= Sue Jinks-Robertson =

American professor of genetics and microbiology

Sue Jinks-Robertson is an American professor of genetics and microbiology. She is currently a professor in the Department of Molecular Genetics and Microbiology at the Duke University School of Medicine. In May 2019, she was elected to the National Academy of Sciences. She has published over 100 scientific articles in peer-reviewed journals.

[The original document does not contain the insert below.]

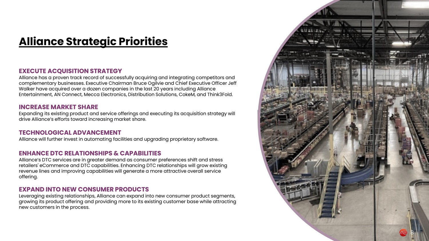 Growth History 2013 Music & Video Distribution • Super D acquires Alliance Entertainment becoming the largest music and video distributor • The first major step in consolidating the 3 main packaged media categories. Super D rebrands to Alliance Entertainment post acquisition 2016 Music & VMI • AN Connect Acquisition • Walmart & Best Buy accounts added • Vendor Managed Inventory system and software systems acquired, providing Alliance with a critical addition to its service offering 2018 Gaming • Mecca Acquisition • Microsoft, Sony, and Nintendo suppliers added • Alliance enters the gaming space, expanding its already diverse physical media product offering 2018 Video Exclusive Distribution • Distribution Solutions Acquisition • Walmart, Amazon, Target, and Best Buy Video Movie Supplier Numbers added • 20 exclusive video distribution studios acquired 2020 Gaming • COKeM Acquisition • Walmart, Best Buy, Target, GameStop, Kohls, and Costco accounts added • Alliances adds the leading gaming distributor with significant store and DTC sales 2022 Toys & Collectibles • Think 3Fold Acquisition • Walmart expansion • Alliance adds collectible toys with 4 feet of shelf space in 3,900 Walmart stores 2023 Public Listing • Adara Acquisition Corp. • Alliance consummates merger with Adara and De - SPACs to become publicly traded company 7

== Education and academic appointments ==
Jinks-Robertson grew up in the Florida panhandle. She graduated from Agnes Scott College in Decatur, Georgia in 1977. In 1983, she obtained a Ph.D. in Genetics from the University of Wisconsin-Madison, where she studied ribosome biosynthesis in E. coli with Masayasu Nomura. She was a postdoctoral researcher with Tom Petes at the University of Chicago. From 1986 to 2006 she was a faculty member in the Biology Department at Emory University. In 2006, she moved to Duke University.

== Research ==
Jinks-Robertson studies topics in DNA repair, homologous recombination, and transcription-associated mutagenesis, using the yeast Saccharomyces cerevisiae as a model organism.

== Major awards and honors ==
Jinks-Robertson was elected as a Fellow of the American Academy of Microbiology in 2010, and of the American Association for the Advancement of Science in 2011. She was elected to the National Academy of Sciences in 2019.

== Academic service ==
Jinks-Robertson was Treasurer of the Genetics Society of America from 2014–2016. She is currently an Associate Editor for the journal DNA Repair. She is also a member of the Editorial Board of PLoS Genetics.